Use a simple way to do pen calculations, the quotient is a few, directly copied in the horizontal back, but the remainder must be careful to see which digit it is in, like this topic, 2 in the ten digit, it represents 20, so the remainder 20.

Why are they all the same kind of questions...

The solution is the same. For example: (1) primitive = [(1 2)-(1 4)+(1 4)-(1 6)+(1 6)-(1 8)+(1 8)+1/48)-(1/50)]/2=(1/2-1/50)/2=6/25

2) Original formula = 1 1-1 4+1 4-1 7+1 7-1 10+1 10-1 13+1 13-1 16=1-1 16=15 16

Similar (3) 16 99 (4) 1 20 (5) 3 200

Let a = (1/2 + 2/3 + 3/4 + 4/4 + 4/5 + 5/6 + 6/7), then the original formula becomes:

a²＋½a－(1+a)×(a-½)

Got: a + a -a + a - a - a +

Use the commutation method. Let a=(1/2 + 2/3 + 3/4 + 4/4 + 4/5 + 5/6 + 6/7) and substitute it for the original formula.
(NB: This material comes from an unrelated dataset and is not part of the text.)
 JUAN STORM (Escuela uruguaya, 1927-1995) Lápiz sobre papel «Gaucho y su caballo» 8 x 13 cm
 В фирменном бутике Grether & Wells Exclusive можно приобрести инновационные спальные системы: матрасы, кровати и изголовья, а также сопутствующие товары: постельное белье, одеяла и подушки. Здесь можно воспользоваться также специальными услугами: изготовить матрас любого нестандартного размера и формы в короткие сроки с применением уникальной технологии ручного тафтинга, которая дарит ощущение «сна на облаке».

a² +1/2a - 1+a) x (a-1/2) =a² +1/2a - a + 1/2 - a² +1/2a = 1/2

I don't think I taught 2 power in elementary school.

Let a = (1/2 + 2/3 + 3/4 + 4/4 + 4/5 + 5/6 + 6/7), then the original formula becomes:

a a (1+a) (a-) Description: The term related to a is later offset).

End Result

These are different forms of practice questions of the same type.

Let me briefly talk about the method!

This calculation of splits and splits.

Divide each term into two fractional difference forms, and then sum them, so that the subtraction of the first term and the subtraction of the second term can be canceled out, so that at the end you can eliminate the infinite number of terms in between, leaving the head and tail. And then calculate.
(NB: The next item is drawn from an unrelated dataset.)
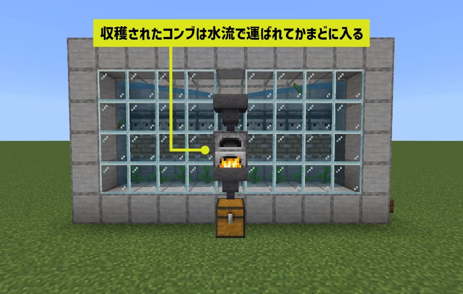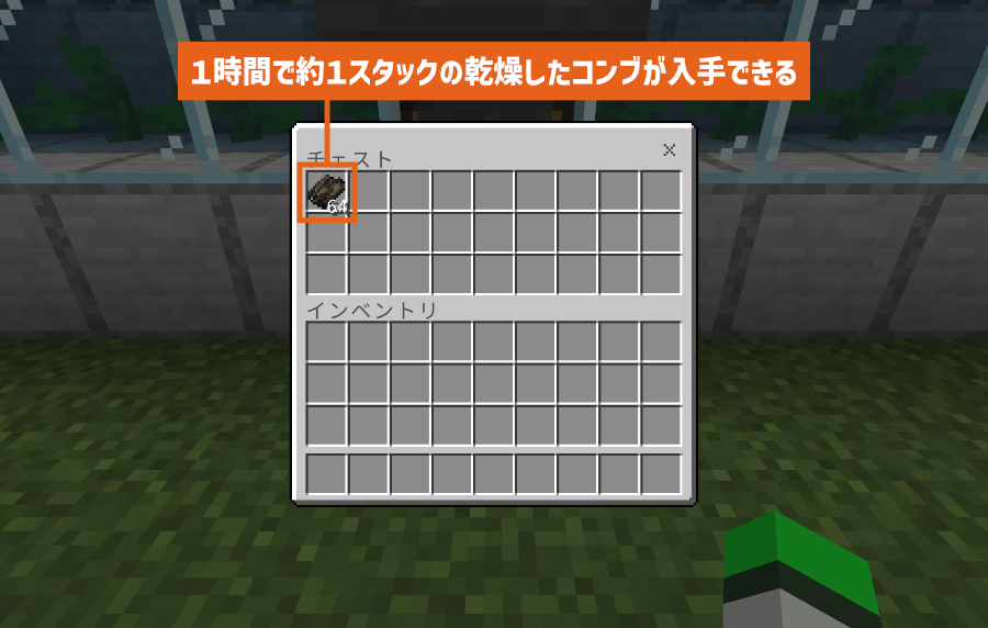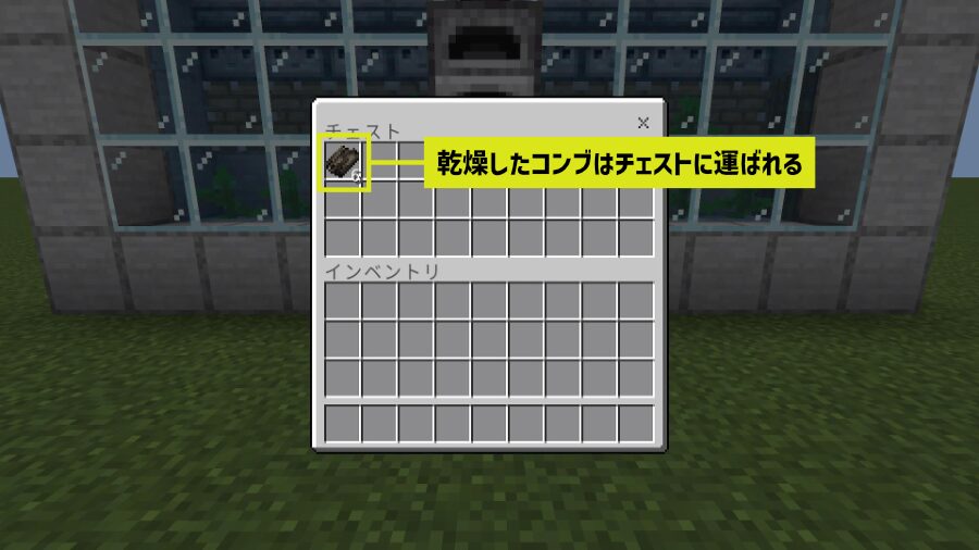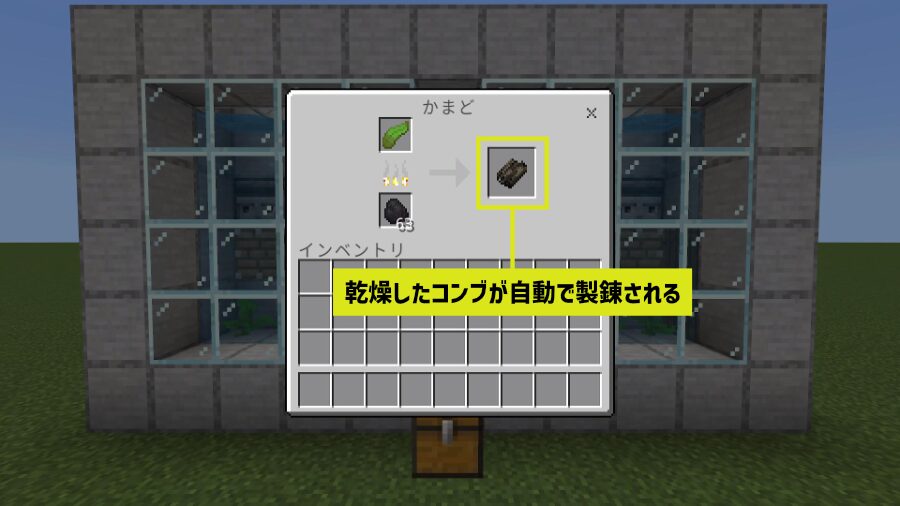 かまどに入ったコンブは自動で「乾燥したコンブ」に製錬されて

Analysis: 1 2*4 can be split into 1 2 -1 4 The result is (4-2) (2*4) is 2 times worse than 1 2*4. Finally, divide by 2

In this way, each term is divided by 2 to extract the common factor, 1 2

Analysis: The numerator is directly the difference between the two factors of the denominator, and it is enough to split it directly. 3/1*4=1-1/4

This is similar to the first question.

This is similar to the first question, but there is a difference of 8-5=3 times.

This is also similar to the first question, with a difference of 15-10=5.
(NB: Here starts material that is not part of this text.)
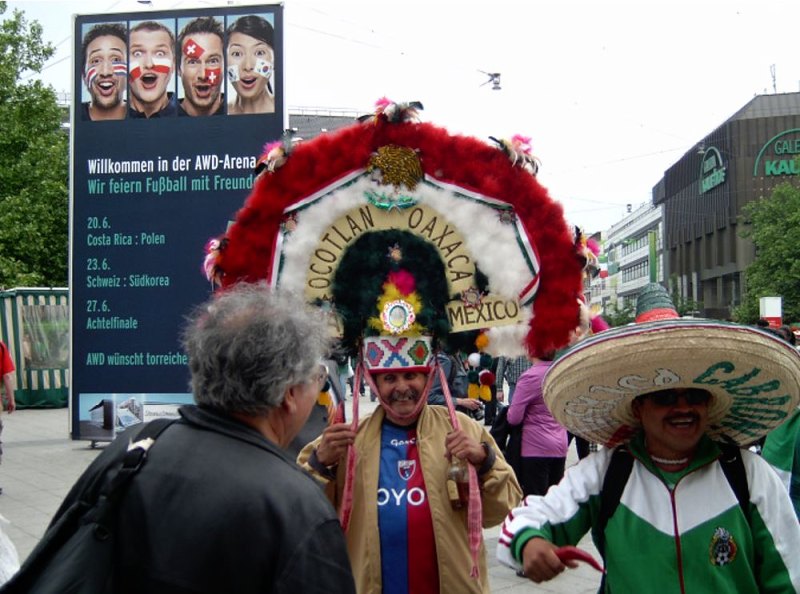 Mit eben diesem gehe ich bei MC rein und bestelle einen Burger mit Gnu und Antilopenfleisch wie bei uns in Afrika. Die überforderte Mitarbeiterin (des Monats?) holt den Scheff, der mir in gebrochenen Englisch erklärt, dass es in Europa nur Rinderburger gibt. Egal, erst mal was essen. Jetzt wird es Zeit auf der Fanmeile anzukommen. Argentinien – Serbien M. beginnt gleich. Als das 1:0 fällt, merken wir das wir auf der falschen Party sind. Das ist eine Mexiko Fete hier, mit dem entsprechenden Bier. Das richtige Fest ist schräg gegenüber und wir treffen beim 3:0 ein. Erst mal Guido ob seines Geheimtipps per Handy bepöbeln. Zum Ende 6:0 Hammerhart. Der Weg zum Stadion ist unbeschreiblich. Mexikaner mit Zorro- und Catchermasken, einige als Inkas verkleidet. Atahualpa ist auch dabei.

Why are they all the same kind of questions...

The solution is the same. For example: (1) primitive = [(1 2)-(1 4)+(1 4)-(1 6)+(1 6)-(1 8)+(1 8)+1/48)-(1/50)]/2=(1/2-1/50)/2=6/25

2) Original formula = 1 1-1 4+1 4-1 7+1 7-1 10+1 10-1 13+1 13-1 16=1-1 16=15 16

Similar (3) 16 99 (4) 1 20 (5) 3 200

The last simplification of the lz man was wrong, but why is your answer correct? I can't figure it out.

The correct solution should be:

Solution: It can be known from the meaning of the title.

Every project is.

1-3/(n-1)(n+1)

(n-1)(n+1)-3]/[(n-1)(n+1)]=(n*n-4)/(n-1)(n+1)

(n-2)(n+2)] [(n-1)(n+1)] The original formula can be obtained in the above way.

Original = (1*5) (2*4) *2*6) (3*5)*(3*7) (4*6).95*99）/（96*98）*（96*100）/（97*99）

Then the n-1 of each term and the n-2 of the last digit are approximated, then the n+2 of each term and the n+1 of the last digit are approximated, and finally the remaining part is.

1-3/(n-1)(n+1)

(n-1)(n+1)-3]/[(n-1)(n+1)]=(n*n-4)/(n-1)(n+1)

(n-2)(n+2)] [(n-1)(n+1)] The original formula can be obtained in the above way.

Original = (1*5) (2*4) *2*6) (3*5)*(3*7) (4*6).95*99）/（96*98）*（96*100）/（97*99）

Then the n-1 of each term and the n-2 of the last digit are approximated, then the n+2 of each term and the n+1 of the last digit are approximated, and finally the remaining part is.